Occasionally Ruby runs a “full collection,” re-marking and re-sweeping the mature objects as well. Ruby decides when to run a full collection by monitoring the number of mature objects. When the number of mature objects has doubled since the last full collection, Ruby clears the marks and considers all the objects to be young again.
Write Barriers
One important challenge to this algorithm is worth further explanation. Suppose your code creates a new, young object and adds it as a child of an existing, mature object. For example, this would happen if you added a new value to an array that had existed for a long time.
Here again on the left we see new, young objects and mature objects on the right. On the left side the marking process has identified that 5 new objects are still active (gray), while two new objects are garbage (white). But what about the new, young object in the center? This is the one shown in white with a question mark. Is this new object garbage or active?

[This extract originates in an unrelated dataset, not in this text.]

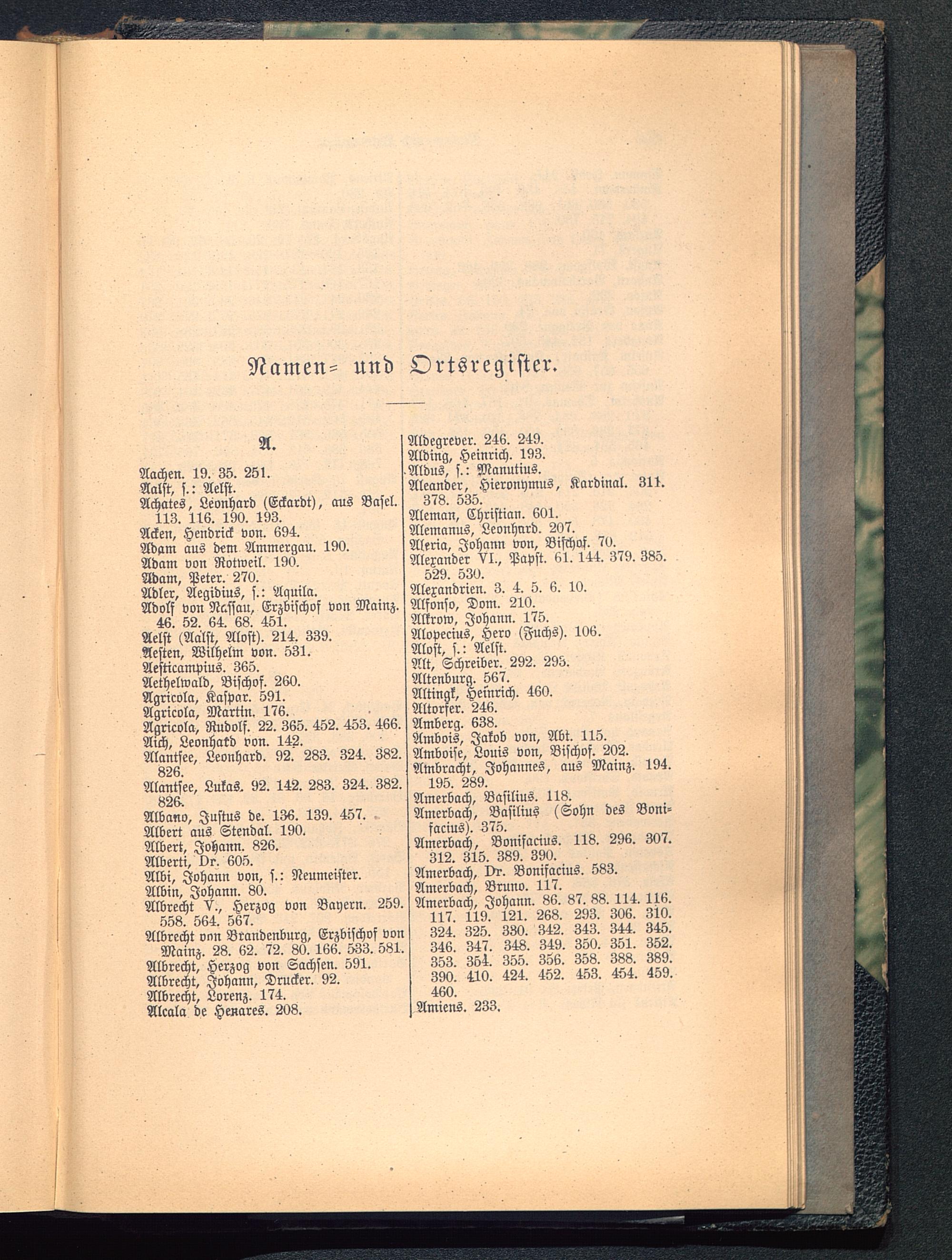 Mainz . 28. 62. 72. 80. 166. 533. 581.Albrecht, Herzog von Sachsen. 591.Albrecht, Johann, Drucker. 92.Albrecht, Lorenz. 174.Alcala de Henares . 208.

It’s active, of course, because there’s a reference to it from a mature object on the right. But remember Ruby 2.1 doesn’t include mature objects in mark and sweep (until a full collection occurs). This means the new object will be incorrectly considered garbage and released, causing your program to lose data!
Ruby 2.1 overcomes this challenge by monitoring the mature objects to see if your program adds a reference from them to a new, young object. Ruby 2.1 uses an old GC technique called write barriers to monitor changes to mature objects - whenever you add a reference from one object to another (whenever you write to or modify an object), a write barrier is triggered. The barriers check whether the source object is mature, and if so adds the mature object to a special list. Later Ruby 2.1 includes these just these modified mature objects in the next mark and sweep process, preventing active, young objects from being incorrectly considered garbage.

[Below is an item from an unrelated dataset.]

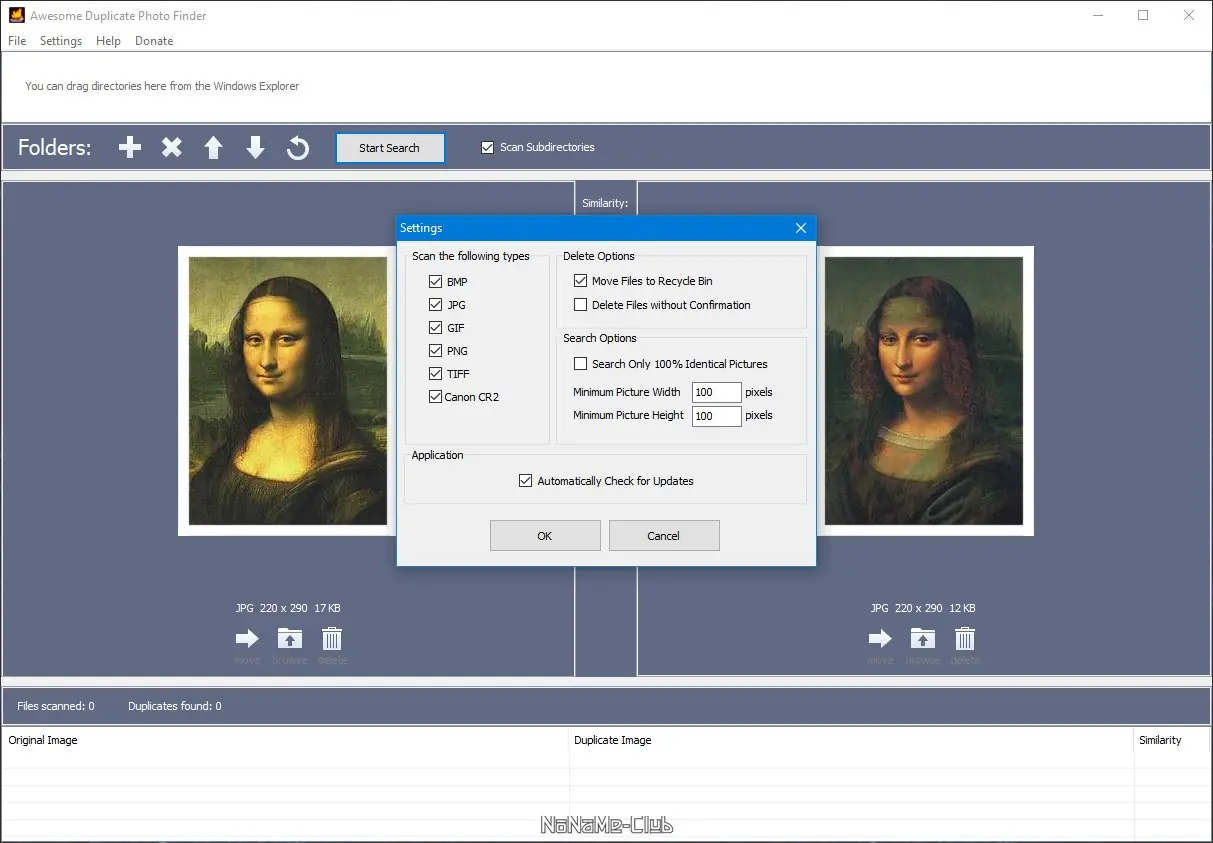 - Гибкая настройка параметров поиска с возможностью исключения определенных форматов изображений;

Ruby 2.1’s actual implementation of write barriers is quite complex, primarily because existing C extensions don’t contain them. Koichi Sasada and the Ruby core team used a number of clever solutions to overcome this challenge as well. To learn more about these technical details, watch Koichi’s fascinating presentation from EuRuKo 2013.

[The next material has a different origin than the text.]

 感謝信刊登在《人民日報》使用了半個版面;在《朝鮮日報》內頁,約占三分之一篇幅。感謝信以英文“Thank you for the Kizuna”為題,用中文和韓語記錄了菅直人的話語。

Standing on the Shoulders of Giants
At first glance, Ruby and Python seem to implement garbage collection very differently. Ruby uses John McCarthy’s original mark and sweep algorithm, while Python uses reference counting. But when we look more closely, we see that Python uses bits of the mark and sweep idea to handle cyclic references, and that both Ruby and Python use generational garbage collection in similar ways. Python uses three separate generations, while Ruby 2.1 uses two.
This similarity should not be a surprise. Both languages are using computer science research that was done decades ago - before either Ruby or Python were even invented. I find it fascinating that when you look “under the hood” at different programming languages, you often find the same fundamental ideas and algorithms are used by all of them. Modern programming languages owe a great deal to the ground breaking computer science research that John McCarthy and his contemporaries did back in the 1960s and 1970s.